In this chapter, we discuss ultrasound evaluation of the normal uterus, anatomic variants, and its benign and malignant conditions. A discussion of the normal and abnormal endometrium in the patient that presents with abnormal uterine bleeding is presented in the following chapter.
The American Institute of Ultrasound in Medicine (AIUM) guidelines for imaging of the uterus have been developed to assist sonologists in performing sonographic studies of the female pelvis.1 Knowing the potential but also the limitations of ultrasound helps us to maximize the probability of detecting most significant abnormalities. As with any clinical test, ultrasound of the pelvis should be performed only if there is a valid clinical reason. Following the AIUM guidelines, the indications for pelvic sonography include, but are not limited to
All relevant anatomic structures in the pelvis should be identified first by transabdominal technique, and then, more detailed evaluation of the deep pelvic structures should be performed by transvaginal technique. In specific situations in which transvaginal evaluation cannot be performed or tolerated, transrectal or transperineal evaluation can be very useful.

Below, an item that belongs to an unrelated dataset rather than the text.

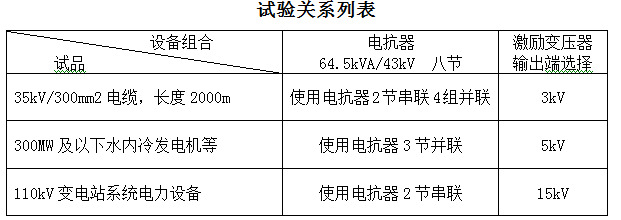 出口电压15kV以下的300MW及以下水内冷发电机,氢冷发电机及150MW空冷发电机的交流耐压试验,试验频率45~65HZ,电容量≤0.35μF,试验电压不超过33kV。

The transducer should be selected to operate at the highest clinically appropriate frequency that will allow adequate visualization of deep pelvic structures. For transabdominal evaluation, a 3.5-MHz or higher transducer is employed. Curved linear array, as well as sector, transducers with a smaller footprint are often employed. For transabdominal evaluation, the bladder should be adequately distended to displace bowel superiorly out of the true pelvis and provide an acoustic window to visualize the uterus and adnexa (Fig. 27-1)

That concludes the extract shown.